Combines two or more approaches. For example, in a CF approach, the dependency on ratings entails disfavoring unrated items. Nevertheless, combining CF and KB approaches (if the items contain attributes) could solve the limitation (Dong et al., 2017). For example, it is employed by applications (i.e., smartphone-based virtual assistants) that process a broad range of vital/wellness parameters to understand if contacting a doctor or performing further analysis is recommended (Jamshidi et al., 2018).

Overall, although hybrid approaches seem to be the most promising option from current literature in the field, to date, in practice, RS mainly rely on data-driven approaches, and HRS mainly rely on rule-based finite state machines—mainly given the complexity and sensitivity of the input data and effects on the users.
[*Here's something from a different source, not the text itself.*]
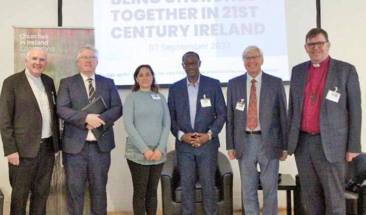 Pictured are (L–R): Bishop Brendan Leahy (IICM co-chair), Prof Daire Keogh (DCU president), Dr Nicola Brady (CTBI general secretary), Rev Dr Livingstone Thompson (Moravian Church), Prof Philip McDonagh (DCU) and Bishop Andrew Froster (IICM co-chair).

Such a tendency is particularly motivated by the presence of PT within the HRS reasoning engine. It is worth recalling that persuasion is intended as “an activity that involves one party trying to induce another party to believe or to do something" (Hunter, 2018). In HRS, the persuasion usually targets abandoning unhealthy behaviors in favor of what is suggested (what is considered healthy and a good solution for the given user condition). Persuasion strategies are mostly formulated as symbolic connections (i.e., state machines) that ensure more control of the process. Moreover, it is necessary to distinguish PT from other forms of influence on freedom of choice, which cannot be considered legitimate. Unlike manipulation or coercion, persuasion affects the architecture of choices by providing pre-known (possibly extended) alternatives without undermining freedom of choice (Carli et al., 2022).

While such techniques have been shown to be particularly functional in triggering a behavioral change in health and for HRS’ tasks, as outlined  (Calvaresi et al., 2022), such techniques can also raise a number of ethical risks and challenges that, if untackled, can undermine individuals’ well-being—in particular in aging conditions. The ethical risks underlying such challenges indeed become increasingly relevant with respect to those raised by conventional RS (Milano et al., 2020), considering their high-sensitive application field.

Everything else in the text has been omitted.